§ Work task
Leaving out every picture, retype the lines below from the top through the one that contains "구김이 적으면서 셔링이 잔잔하게 잘잡혀있어 페미닌한 분위기가".

══ Extracted records

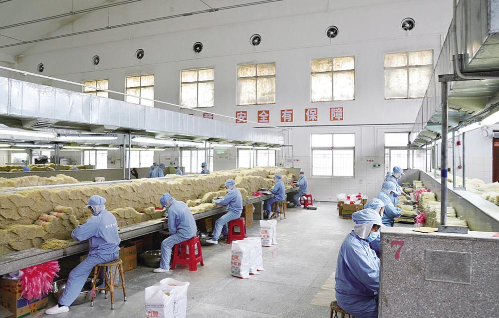 1月10日,会昌县五丰食品有限公司的工作人员在车间包装米粉(1月10日摄)。
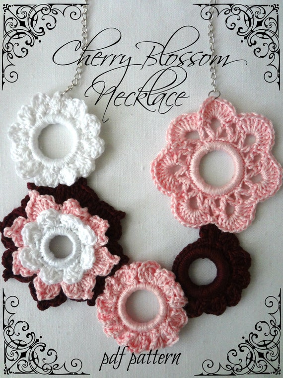 Crochet Pattern Cherry Blossom Necklace Pdf Crochet Pattern Etsy
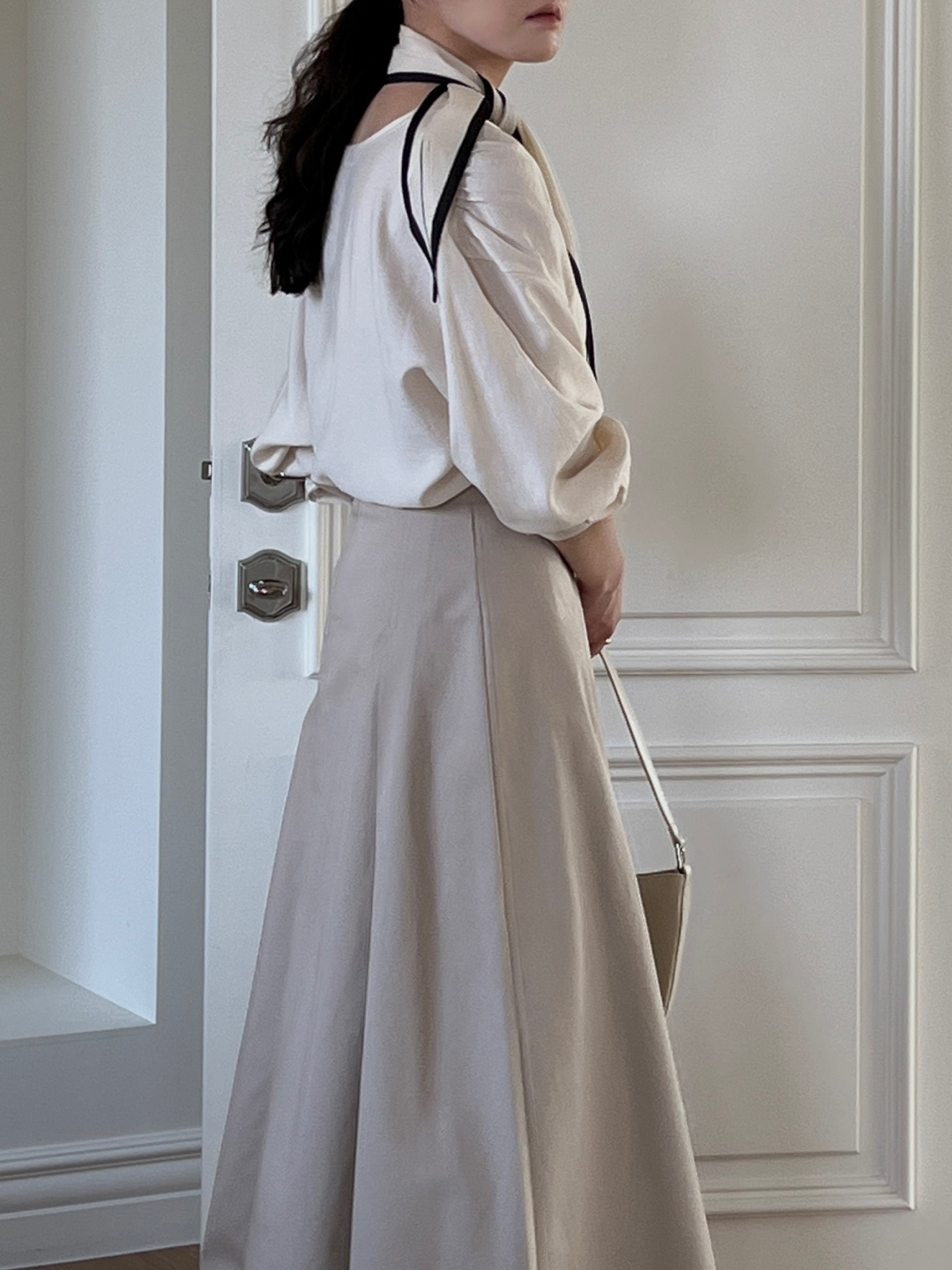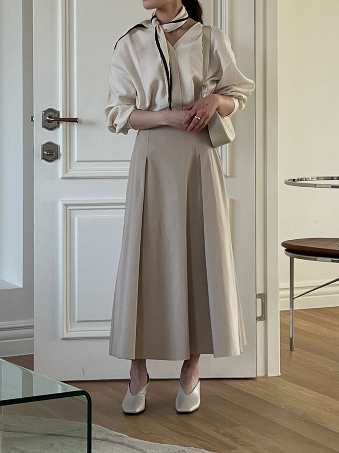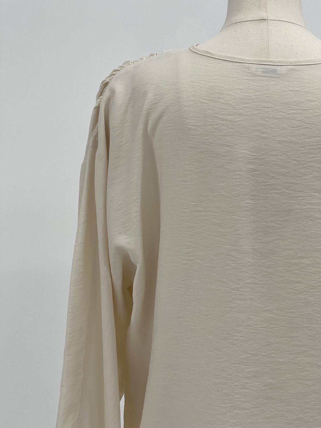 구김이 적으면서 셔링이 잔잔하게 잘잡혀있어 페미닌한 분위기가
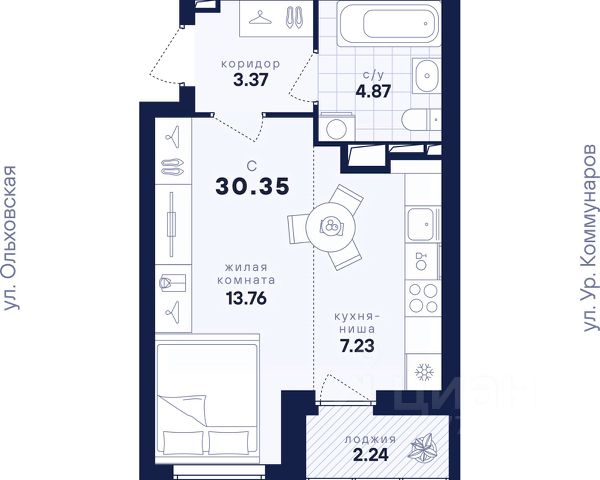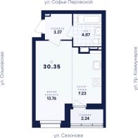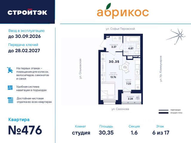 ЖК "Абрикос", расположен в районе Новая Сортировка по адресу ул. Софьи Перовской, д. 106а. Познакомьтесь с "Абрикосом" поближе. Мы создали его таким, чтобы вы были довольны всем, а ваша жизнь в нём была как сам этот фрукт: свежей, сочной, яркой и солнечной. Район Тихий микрорайон Новая сортировка на Северо-западе Екатеринбурга. 20 минут пешком до парка "Таганская слобода" 15 минут на машине до кольцевой дороги, а до центра — полчаса даже по пробкам 10 минут на машине до ТЦ "Карнавал" 7 школ и 11 детсадов поблизости 6 продуктовых магазинов рядом Двор Во дворе хорошо должно быть всем: детям — площадки по возрасту, взрослым — прогулочные дорожки. Но это не всё. Вместительная парковка вокруг ЖК Концепция "Двор без машин", когда можно заехать только для разгрузки и погрузки Закрытая территория с пропускной системой Круглосуточное видеонаблюдение и освещение территории в ночное время Стритбольная площадка Подъезды Не подъезд, а парадная. Так говорят в Петербурге, но и в "Абрикосе" это слово приходит в голову. Просторные холлы с витражами и достойной отделкой. Доступ в подъезды на уровне земли — без барьеров Домофоны — в тёплых остеклённых тамбурах В каждом подъезде — грузопассажирский лифт Помещения для колясок и самокатов на 1 этаже Удобная навигация с номерами этажей и квартир Планировки Наш подход к проектированию называется "Разумные метры". Это значит не только исходить из площади, но и учитывать число жильцов и их потребности. Объединённые кухни-гостиные для простора и общения 3D-модели с вариантами обстановки Отказ от бесполезных "мёртвых" зон Отделка В ЖК "Абрикос" мы позаботились о чистовой отделке, чтобы ваш переезд прошёл быстро и не вызвал лишних хлопот. На полу в комнатах, прихожих и кухнях — прочный водостойкий ламинат, в санузлах — керамическая плитка, потолки — натяжные Межкомнатные двери и усиленная сейф-дверь на входе в квартиру В санузлах установлены раковины и унитазы, а во всей квартире — розетки и выключатели Радиаторы с терморегуляторами и горизонтальной разводкой, двухкамерные стеклопакеты с приточными клапанами вентиляции Продам квартиру-студию в микрорайоне Новая Сортировка в городе Екатеринбург.
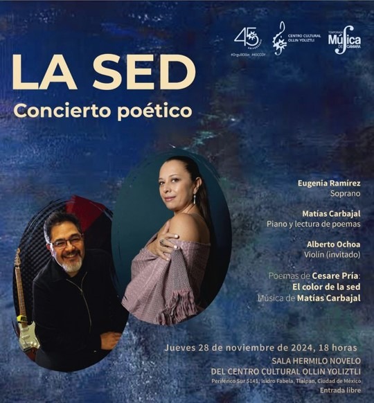 La Temporada de Música de Cámara de Centro Cultural Ollin Yoliztli presentará el jueves 28 de noviembre, a las 18 horas, una amalgama entre los poemas de Cesare Pría y la música de Matías Carbajal.

════

§ Task solution
 1月10日,会昌县五丰食品有限公司的工作人员在车间包装米粉(1月10日摄)。
 Crochet Pattern Cherry Blossom Necklace Pdf Crochet Pattern Etsy
 구김이 적으면서 셔링이 잔잔하게 잘잡혀있어 페미닌한 분위기가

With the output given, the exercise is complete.